§ **What the task asks**: Up to and including the line that contains "众安在线:东吴证券-众安在线", repeat the entries below exactly from the first line on. Do not carry over any pictures.

§ **Saved data entries**:
↓
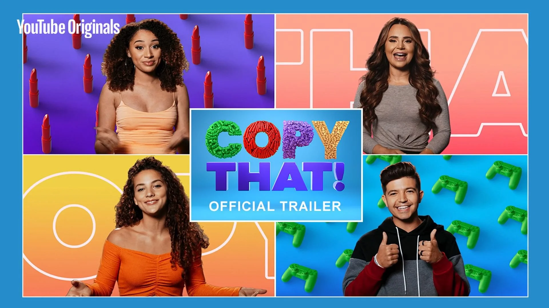 YouTube has released a trailer for their new comedy competition show, Copy That. Four big creators, Sofie Dossi, Lisette aka Luhhsetty, Rosanna Pansino, and Preston will each demonstrate their particular skill and the others will have to try to recreate it with hilarious results.
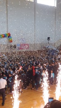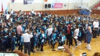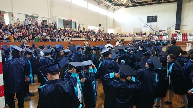 312 öğrenci hep birlikte keplerini havaya fırlatarak mezun olmanın sevincini aileleriyle birlikte yaşadılar.
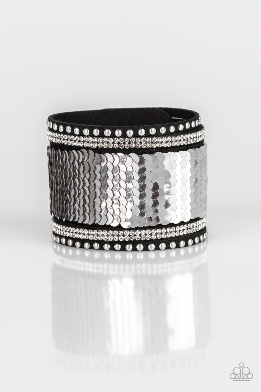 Infused with strands of blinding white rhinestones, row after row of shimmery sequins are stitched across the front of a spliced black suede band. Bracelet features reversible sequins that change from silver to rose gold
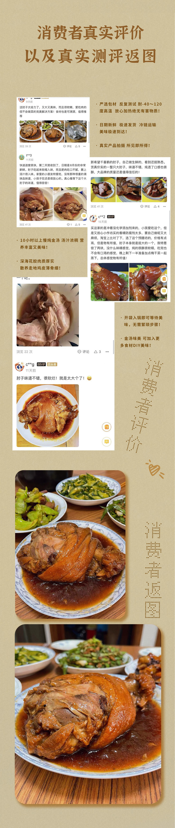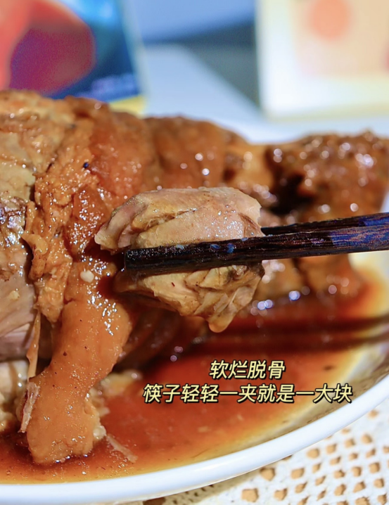 严选品质食材 文火慢炖放心吃! 整只不拆骨,经汆、煮、炸、蒸、扒等多道工序制成 肉质瘦而不柴,肉皮软糯可口,皮润肉嫩! 仿佛大厨亲临烹制,色香味俱全令人惊艳
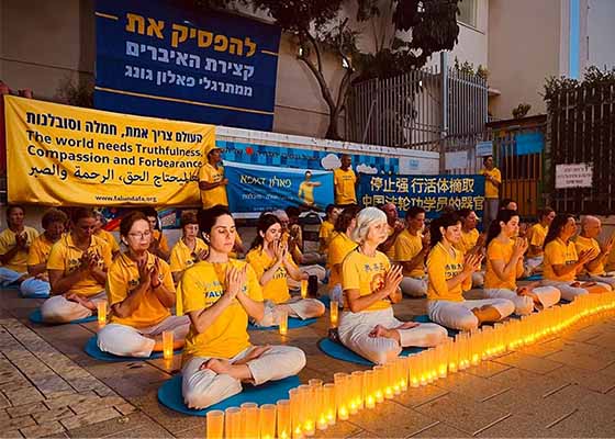 以色列法轮功学员7月18日聚集在特拉维夫中共大使馆前,举行烛光守夜,悼念那些被中共迫害致死的法轮功学员。
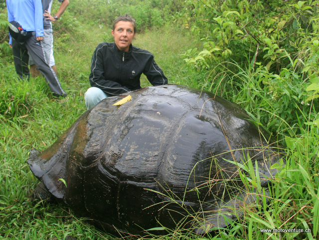 Die Riesenlandschildkroeten sind beeindruckend gross und leben in freier Wildbahn. Die Touren auf Galapagos sind nur mit Guide gestattet und so stampfen wir gemeinsam durch den Schlamm und bekommen den “Riesenkoloss” vor die Fuesse.
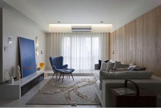 業主朋友的客廳空間較大,想通過地臺將客廳分成兩個功能區,打造富有層次感的空間,可將地臺處的空間設計成封閉性的空間,能用作休息區、學習區。此處安裝推拉門能節省空間,體現了兩個空間明顯的獨立性。
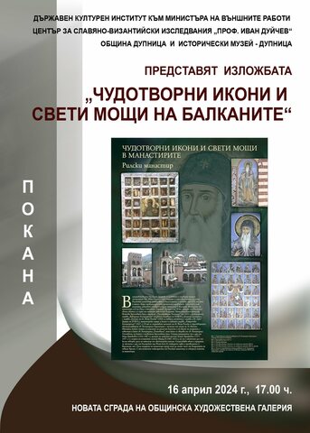 В навечерието на Великденските празници в Дупница ще гостува изложбата „Чудотворни икони и свети мощи на Балканите“. Откриването е на 16 април от 17ч. в новата художествена галерия. Изложбата представлява мобилна фототипна експозиция и е част от програмата на Държавния културен институт към Министъра на външните работи, реализирана съвместно с Центъра за славяно-византийски изследвания „Проф. Иван Дуйчев“ към СУ „Св. Климент Охридски“.
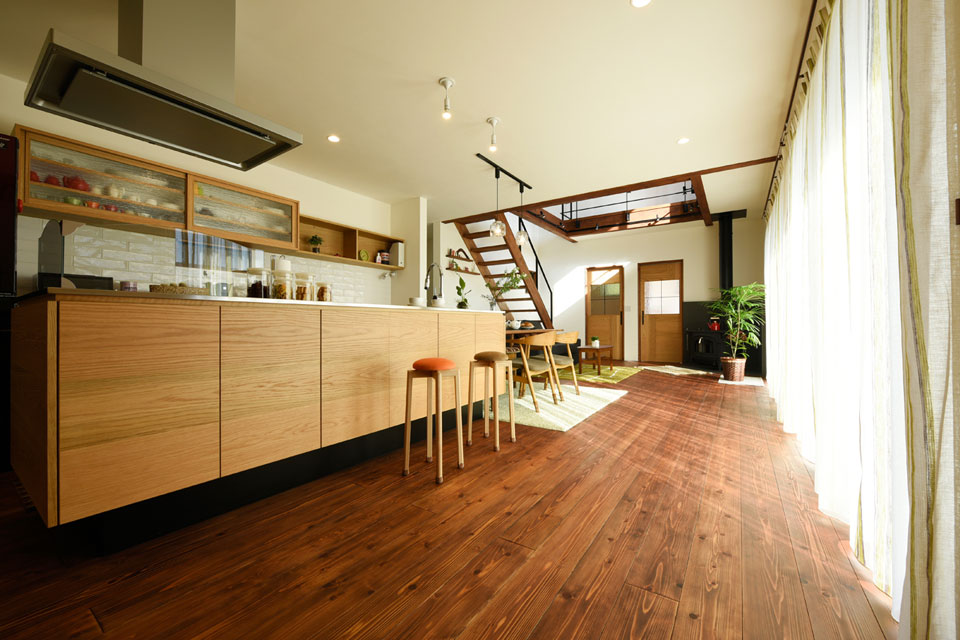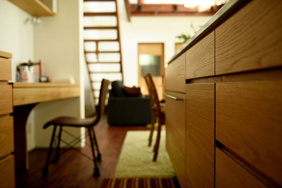 オリジナルのキッチンはご家族の顔見ながら調理できるよう、アイランド型にしたり、そのキッチンと背中合わせにデスクが設けたりと、理想とする家をそのまま実現したお宅です。今後も愛着をもって生活していただくことで、より素敵な暮らしと住まいになっていくことでしょう。
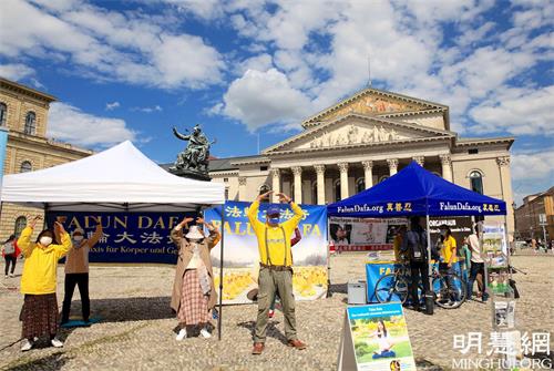 二零二一年六月十九日,法轮功学员在慕尼黑东火车站奥雷昂斯广场(Orleansplatz)举办信息日活动。不少人跟法轮功学员交谈并签名,也有人当场学炼法轮功功法。
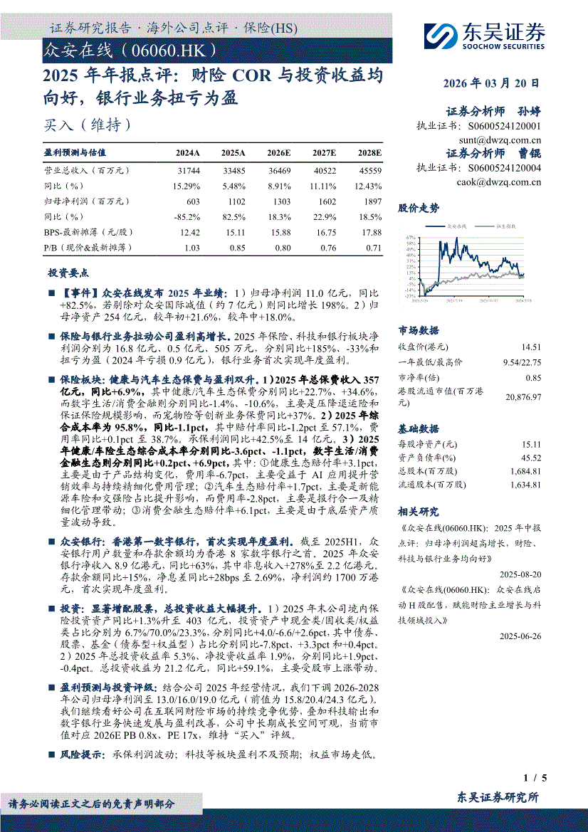 众安在线:东吴证券-众安在线-6060.HK-2025年年报点评:财险COR与投资收益均向好,银行业务扭亏为盈-260320
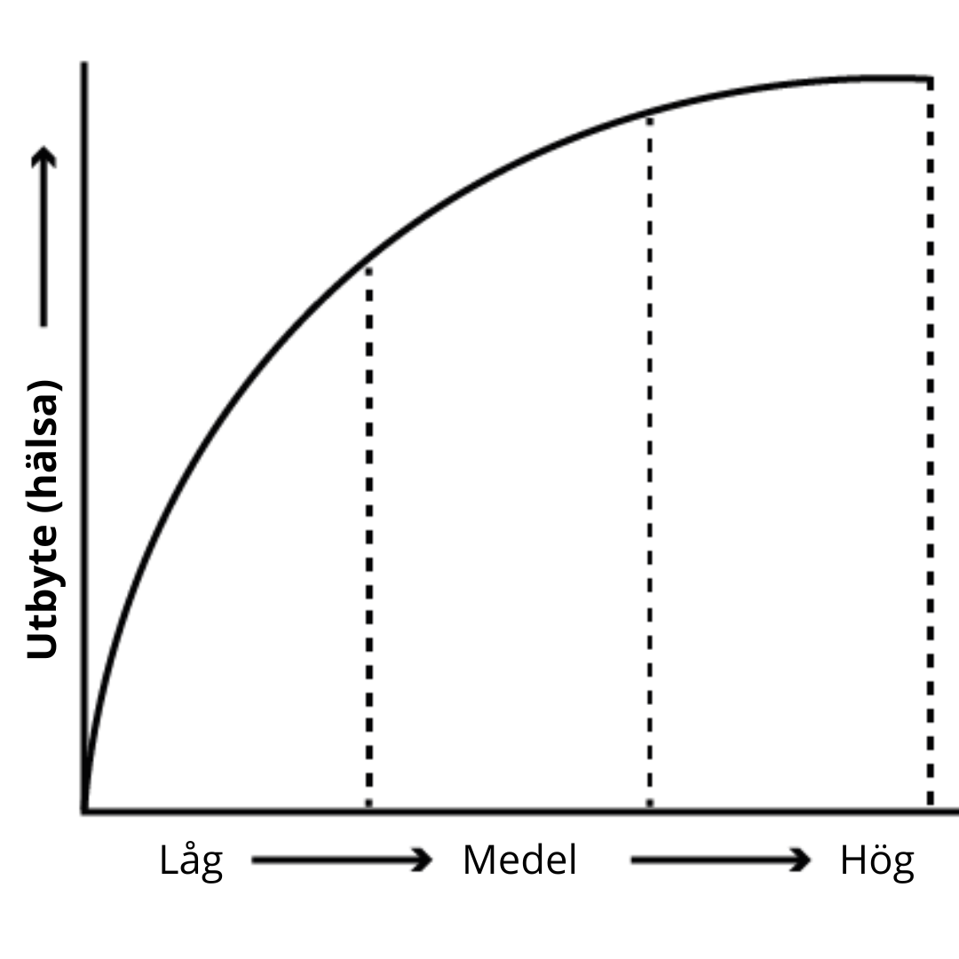 Det är mycket mindre än du tror, och just därför bör du ta dig tid att titta närmare på det som inom forskningen kallas för "dosis-responskurvan". Du behöver inte tvinga dig igenom 60 minuter av aktivitet för att det ska ge positiva hälsoeffekter. Personer med låg aktivitetsnivå har mycket att vinna på att öka aktivitetsnivån med motsvarande mängd. De största hälsofördelarna uppnås med andra ord bland dem som är i sämst fysisk form.
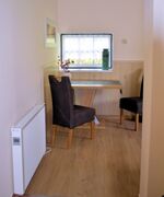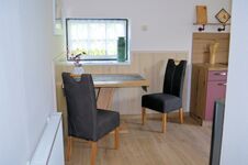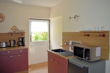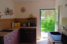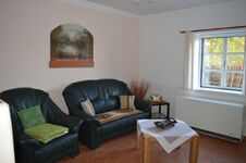 In unserer Ferienhaushälfte können bis zu 2 Personen übernachten. Dafür gibt es ein separates Schlafzimmer mit Doppelbett. Im Wohnzimmer finden Sie Sessel und ein 2-Sitzer-Sofa aus Leder sowie einen Flachbildschirm mit Sat-TV. Die separate Küche ist ausgestattet mit Kühlschrank mit ***-Gefrierfach, Toaster, Kaffeemaschine, Mikrowelle, Eierkocher, Wasserkocher, 2-Platten-Induktions-Ceranfeld. Kochtöpfe, Geschirr und Besteck sind natürlich auch vorhanden. Das Bad ist mit Dusche/WC - barrierefrei - ausgestattet.
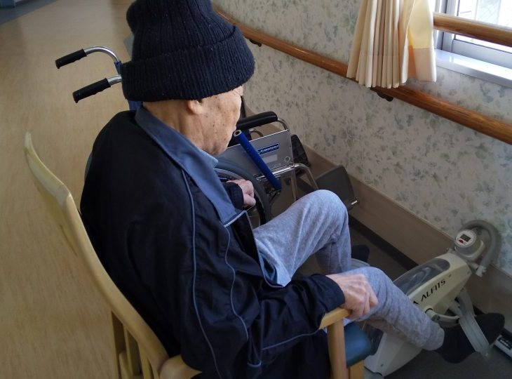 と、リハビリの時間以外にも自主訓練をがんばっていた入所者様。
↑
§ **Task solution**:
 YouTube has released a trailer for their new comedy competition show, Copy That. Four big creators, Sofie Dossi, Lisette aka Luhhsetty, Rosanna Pansino, and Preston will each demonstrate their particular skill and the others will have to try to recreate it with hilarious results.
 312 öğrenci hep birlikte keplerini havaya fırlatarak mezun olmanın sevincini aileleriyle birlikte yaşadılar.
 Infused with strands of blinding white rhinestones, row after row of shimmery sequins are stitched across the front of a spliced black suede band. Bracelet features reversible sequins that change from silver to rose gold
 严选品质食材 文火慢炖放心吃! 整只不拆骨,经汆、煮、炸、蒸、扒等多道工序制成 肉质瘦而不柴,肉皮软糯可口,皮润肉嫩! 仿佛大厨亲临烹制,色香味俱全令人惊艳
 以色列法轮功学员7月18日聚集在特拉维夫中共大使馆前,举行烛光守夜,悼念那些被中共迫害致死的法轮功学员。
 Die Riesenlandschildkroeten sind beeindruckend gross und leben in freier Wildbahn. Die Touren auf Galapagos sind nur mit Guide gestattet und so stampfen wir gemeinsam durch den Schlamm und bekommen den “Riesenkoloss” vor die Fuesse.
 業主朋友的客廳空間較大,想通過地臺將客廳分成兩個功能區,打造富有層次感的空間,可將地臺處的空間設計成封閉性的空間,能用作休息區、學習區。此處安裝推拉門能節省空間,體現了兩個空間明顯的獨立性。
 В навечерието на Великденските празници в Дупница ще гостува изложбата „Чудотворни икони и свети мощи на Балканите“. Откриването е на 16 април от 17ч. в новата художествена галерия. Изложбата представлява мобилна фототипна експозиция и е част от програмата на Държавния културен институт към Министъра на външните работи, реализирана съвместно с Центъра за славяно-византийски изследвания „Проф. Иван Дуйчев“ към СУ „Св. Климент Охридски“.
 オリジナルのキッチンはご家族の顔見ながら調理できるよう、アイランド型にしたり、そのキッチンと背中合わせにデスクが設けたりと、理想とする家をそのまま実現したお宅です。今後も愛着をもって生活していただくことで、より素敵な暮らしと住まいになっていくことでしょう。
 二零二一年六月十九日,法轮功学员在慕尼黑东火车站奥雷昂斯广场(Orleansplatz)举办信息日活动。不少人跟法轮功学员交谈并签名,也有人当场学炼法轮功功法。
 众安在线:东吴证券-众安在线-6060.HK-2025年年报点评:财险COR与投资收益均向好,银行业务扭亏为盈-260320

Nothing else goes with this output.